# Thread: ord(a) = m and a^k=e prove m|k

1. ## ord(a) = m and a^k=e prove m|k

Ok we have group G and a in G with ord(a) = m and a^k=e prove m|k.

ok so i know that if ord(a) = m in G then m is smalles integer such that a^m=e, we are givin that a^k = e. I have a feeling that we have to use the division algorithm on k so we would get k = nq + r, 0<=r<n, that a^m = a ^(nq+r) then usually in these type of proofs we go ((a^n)^q)a^r and somehow we need to get that this is a multiple of m or a contradiction that nq+r < m but im not sure which way to go.

2. Originally Posted by ChrisBickle
Ok we have group G and a in G with ord(a) = m and a^k=e prove m|k.

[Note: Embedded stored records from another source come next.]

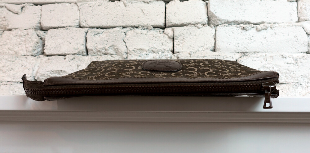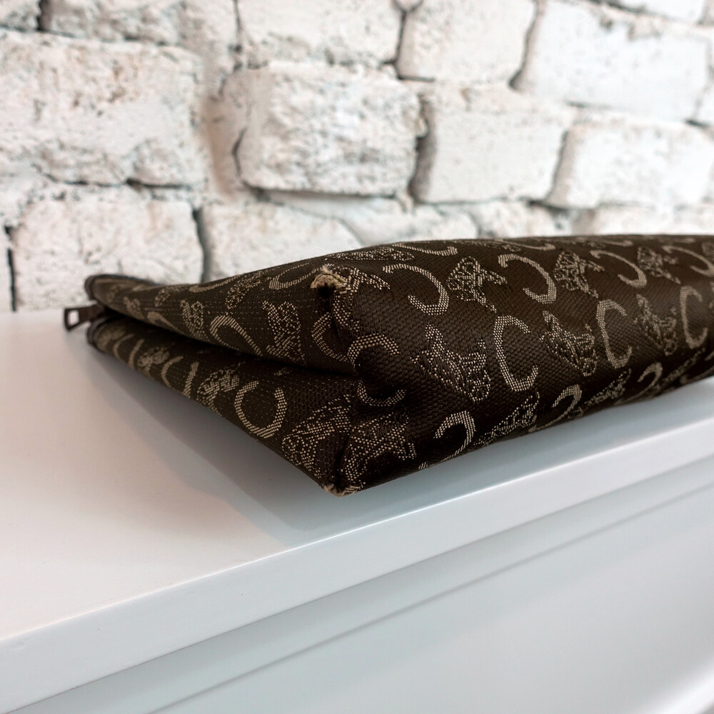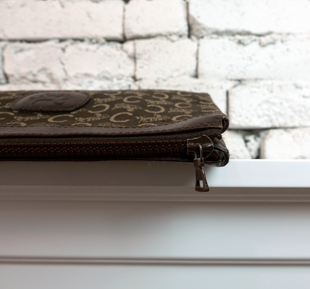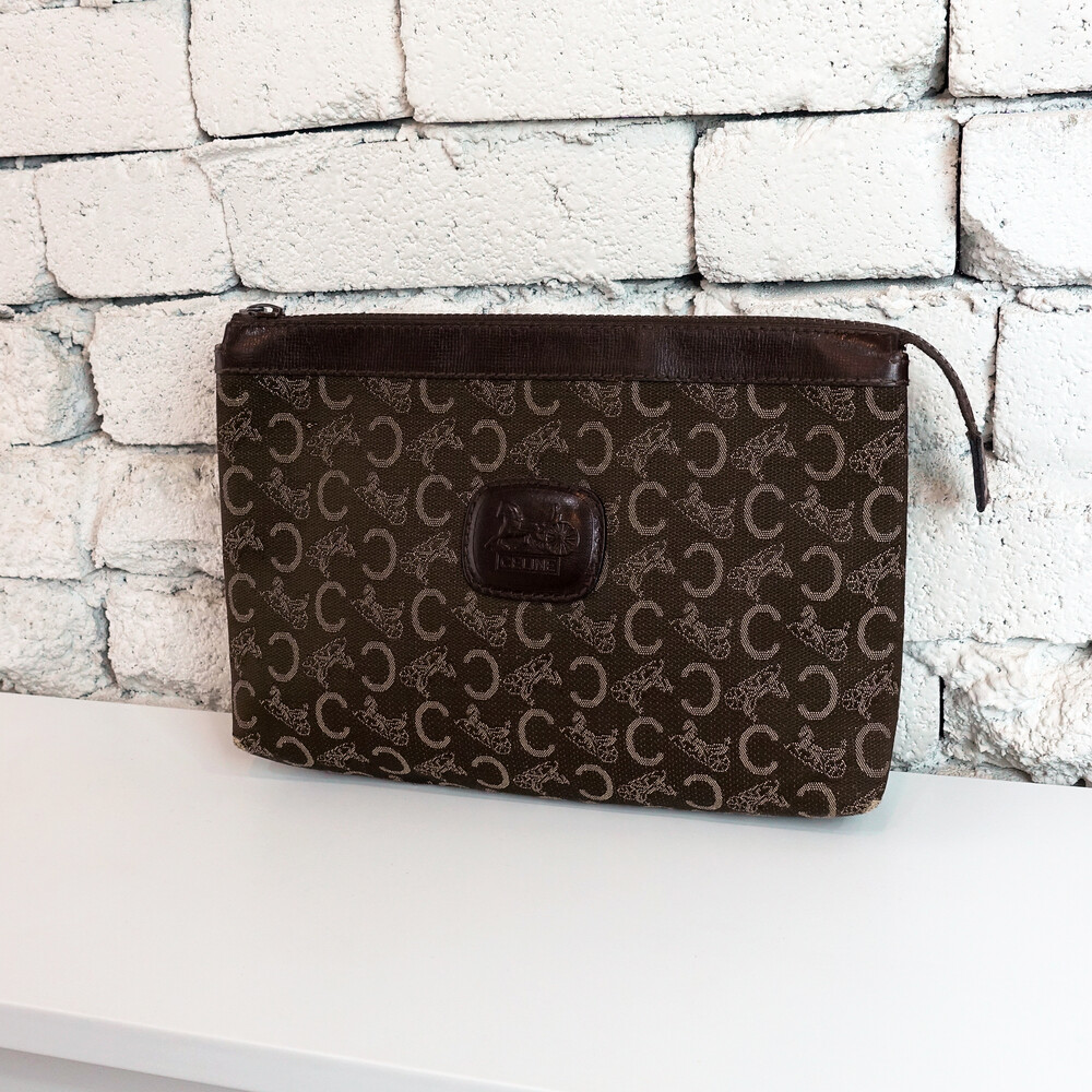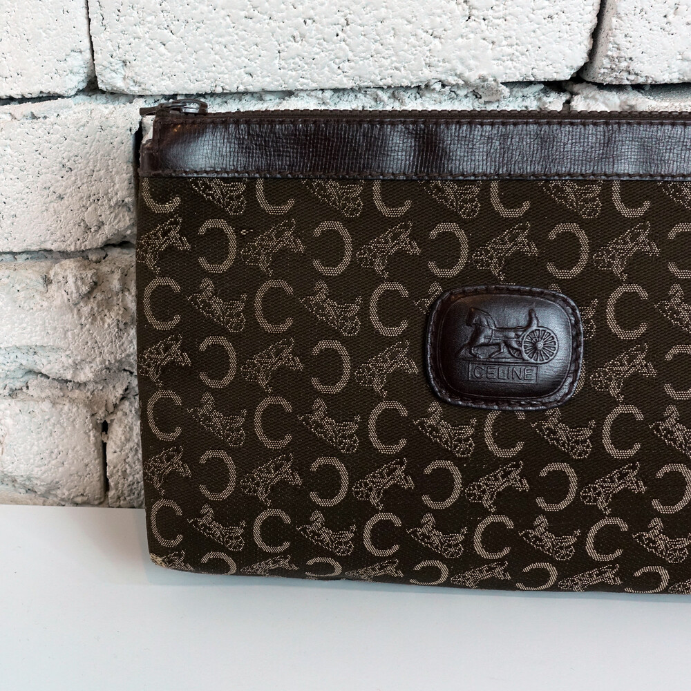 오래된 빈티지 셀린느 클러치 백으로 바디 캔버스 왼쪽 상단, 바닥 캔버스에 생활 흠집이 있습니다.
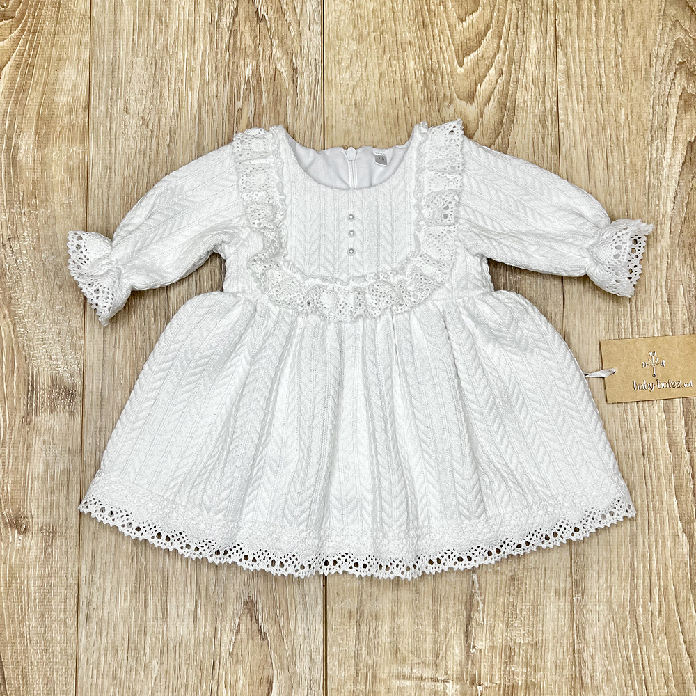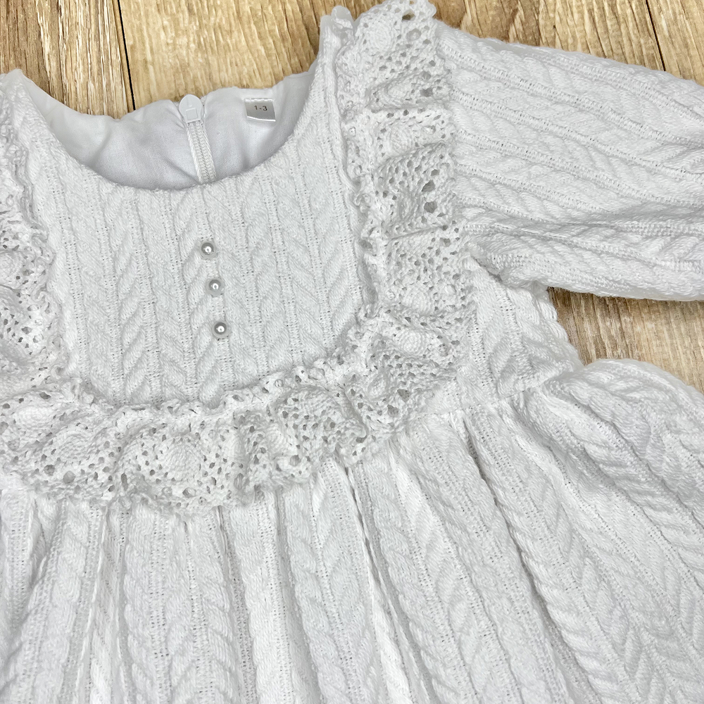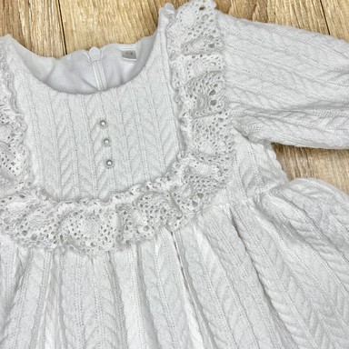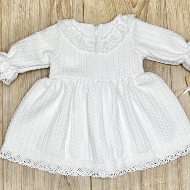 Descriere Rochie fermecătoare și delicată pentru fetiță, îmbinând confortul tricotului cu aerul festiv și ușor al unei ținute de sărbătoare
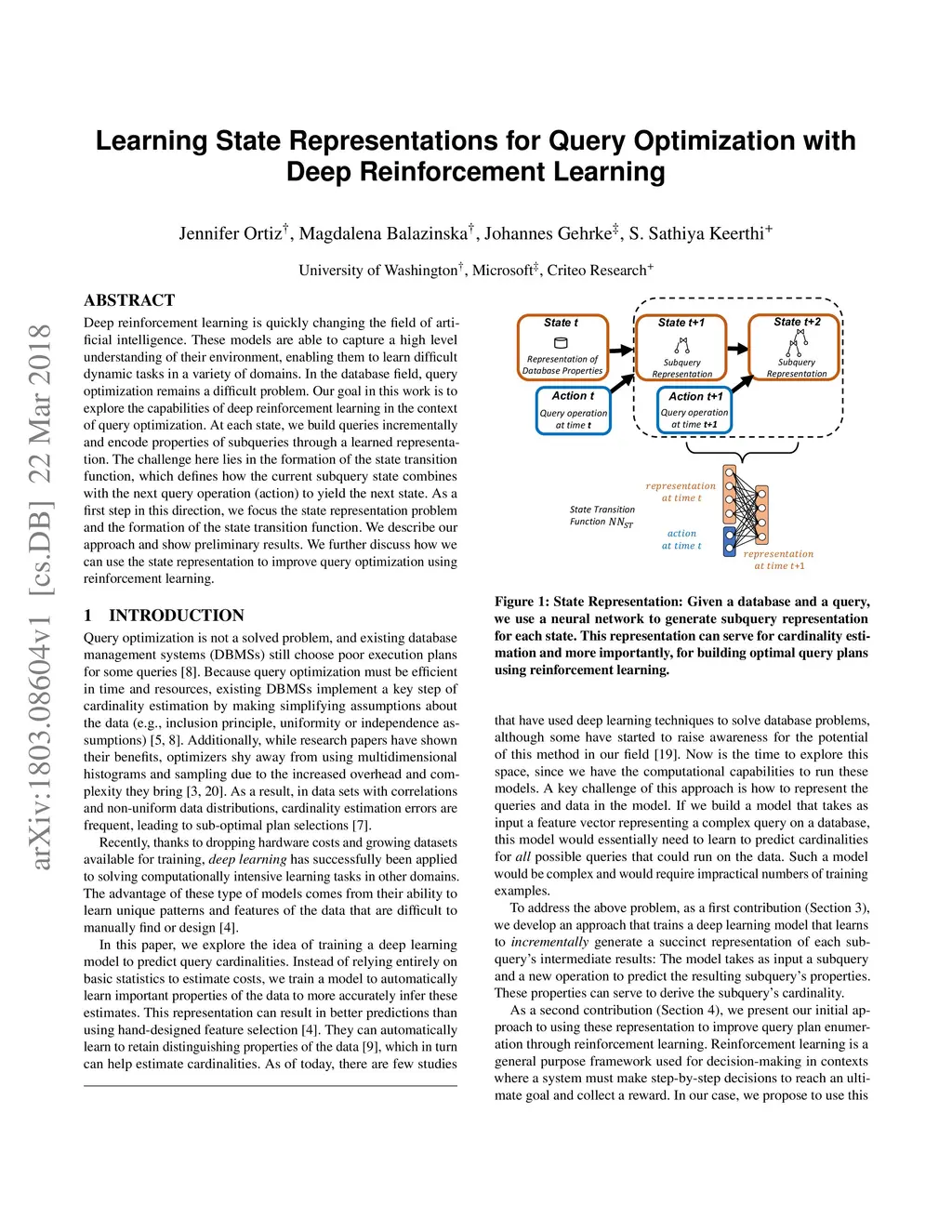 Learning State Representations for Query Optimization with Deep
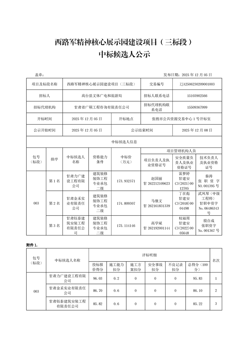 [市本级]西路军精神核心展示园建设项目(三标段)中标候选人公示
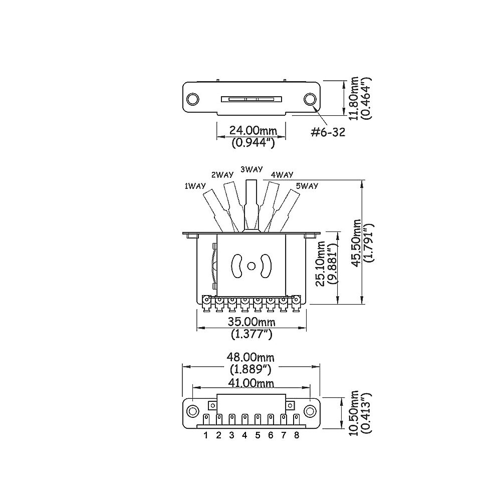 Chave Seletora de 5 posições para instrumentos, modelo Stratocaster, tipo PCB de toque, acabamento cromado com knob preto, parafusos inclusos, Spirit Guitar Parts - CST5-NON #6-32-CR/BK.
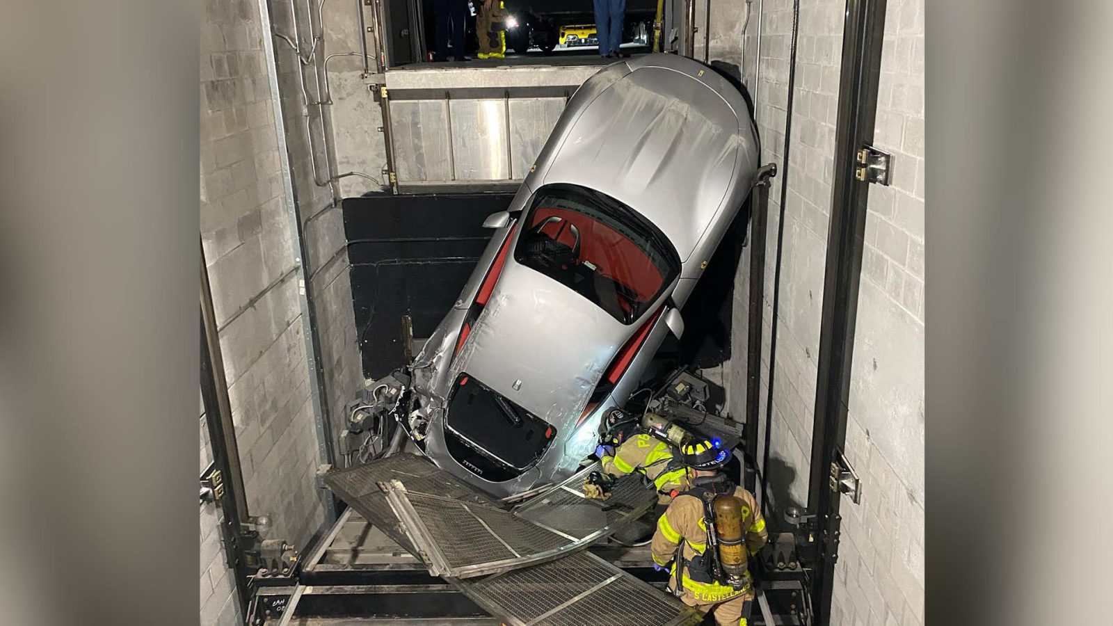 De brandweer van Palm Beach County werd afgelopen week opgeroepen voor een bijzonder ongeval. Een nieuwe Ferrari Roma was in een liftschacht gevallen en zat muurvast. De brandweer kon de auto niet zomaar verplaatsen. Hij lekte namelijk benzine. Daarom moest de stroom van het hele pand eraf. Toen het lek gedicht was, konden de brandweerlieden nadenken hoe ze de auto veilig uit de krappe ruimte konden verwijderen.
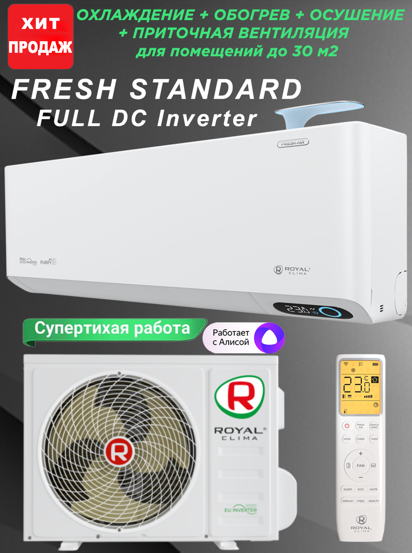 Непревзойдённая инверторная сплит-система бризер ROYAL FRESH STANDARD Full DC EU Inverter RCI-RFS28HN (комплект)
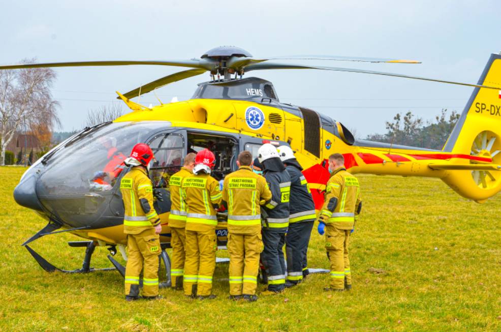 Lądowisko na czas przylotu śmigłowca zabezpieczała Straż Pożarna z Jarocina. Warto podkreślić, że strażacy już wcześniej zostali przeszkoleni z zakresu współdziałania z Lotniczym Pogotowiem Ratunkowym.
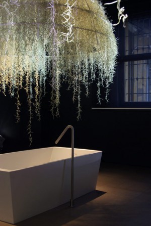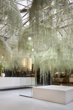 Rainforest This installation is made of tropical plants, the epiphyte one - « Tillandsias usneoïdes » -They are hanging on Corian® structures. The origin of the tillandsias unsneoïdes comes from rain forests in South America. These is non-soil plants. They are directly fixed on the branchs of trees ...
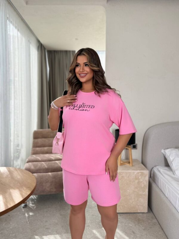 Жіночий костюм з бавовни з шортами рожевого кольору
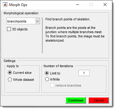 Performs morphological operations on 2D and 3D objects in the Selection layer. See MATLAB’s bwmorph, bwmorph3, and bwskel functions for details.
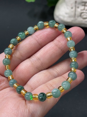 F22489466 Jadeite Bead Bracelet Non-gold Inlaid
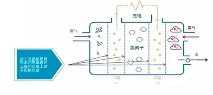 (注:鉑基氫燃料電池工作原理為利用氫氣通過鉑催化劑,分解成兩個(gè)氫離子和兩個(gè)電子,通過質(zhì)子交換膜篩選后,電子由負(fù)極流向正極形成電流驅(qū)動(dòng)電機(jī))
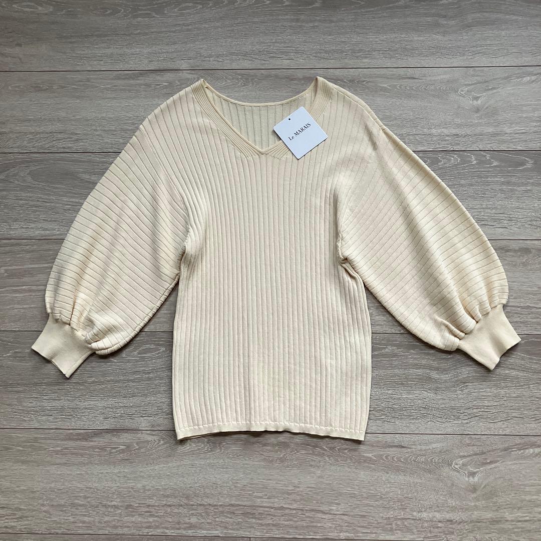 リブ編みのクリーム色Vネックセーター、バルーンスリーブデザイン。
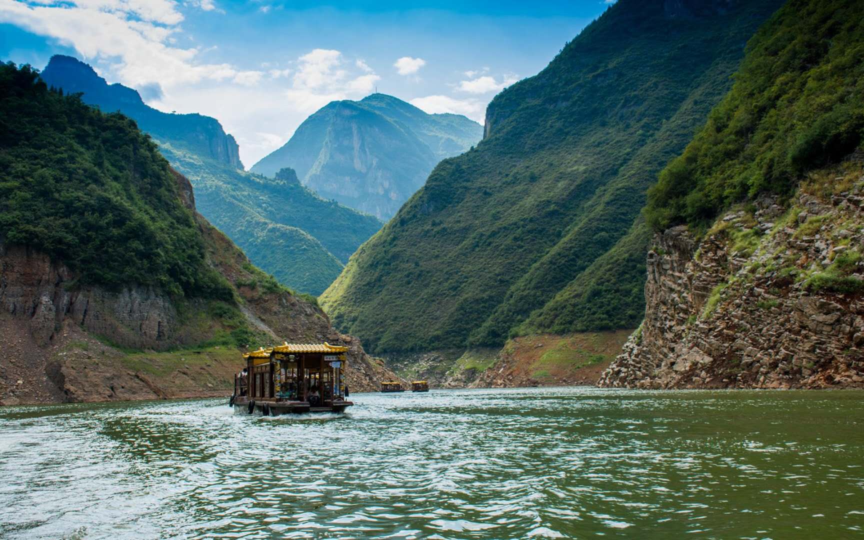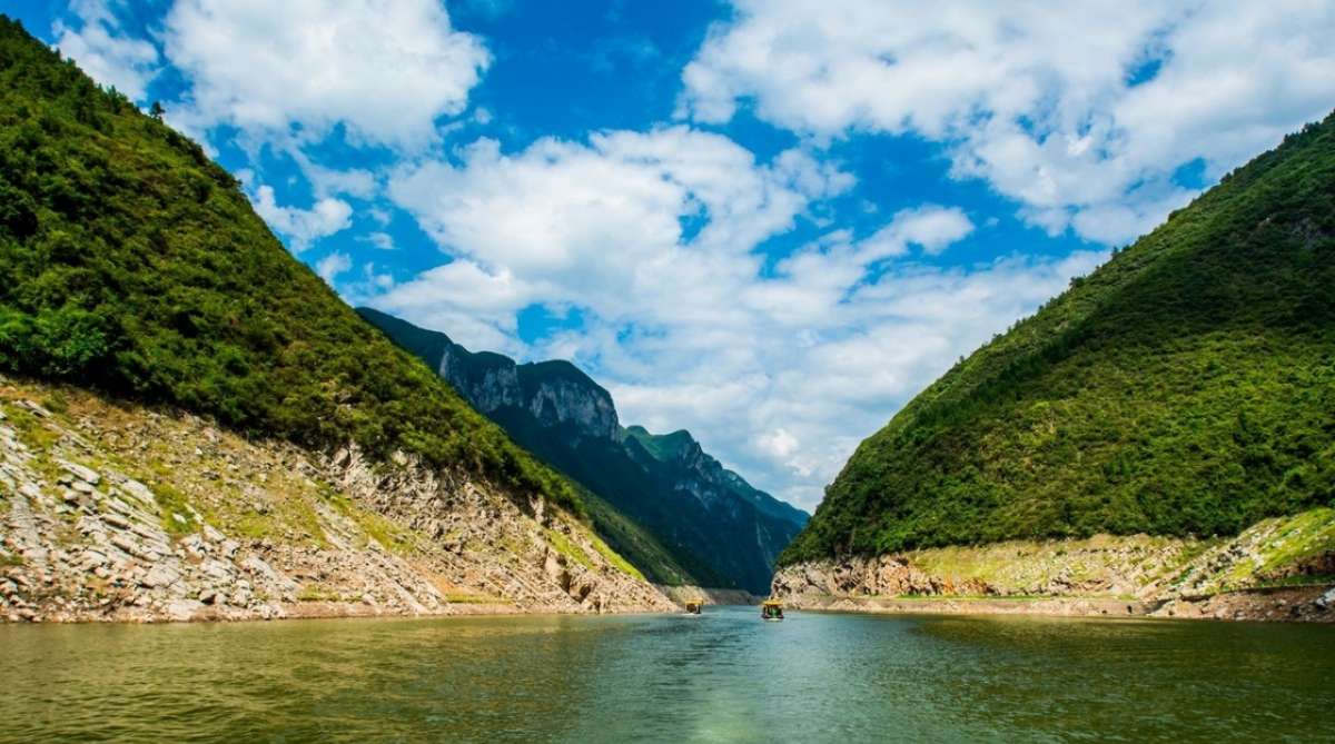 巫山十二峰之翠屏、飛鳳、起云、上升、凈壇五峰,棋布溪水兩岸。神女溪中游,內(nèi)側南岸是上升峰,西北是起云峰。峰巒疊翠,云遮霧繞,江流曲似九回腸。多處“山重水復疑無路,柳暗花明又一村”,乃峽中之奇峽,景中之絕景。三期蓄水后,優(yōu)美的風景與原生態(tài)居民出現(xiàn)在游客面前,昔日只有少數(shù)攝影家知道的奇峰麗景,成為三峽旅游的新亮點。

ok so i know that if ord(a) = m in G then m is smalles integer such that a^m=e, we are givin that a^k = e. I have a feeling that we have to use the division algorithm on k so we would get k = nq + r, 0<=r<n, that a^m = a ^(nq+r) then usually in these type of proofs we go ((a^n)^q)a^r and somehow we need to get that this is a multiple of m or a contradiction that nq+r < m but im not sure which way to go.
By the division algorithm we there exists a $\displaystyle \ell\in\mathbb{Z}$ such that $\displaystyle k=\ell m+r,\text{ }0\leqslant r<m$. Thus, $\displaystyle e=a^{m}=a^{\ell m}a^k=a^k$. If $\displaystyle r\ne 0$ we see there exists a positive number $\displaystyle r$ less than $\displaystyle k$ such that $\displaystyle a^r=e$ contradicting that definition of $\displaystyle k$. Thus, $\displaystyle r=0$ and the conclusion follows.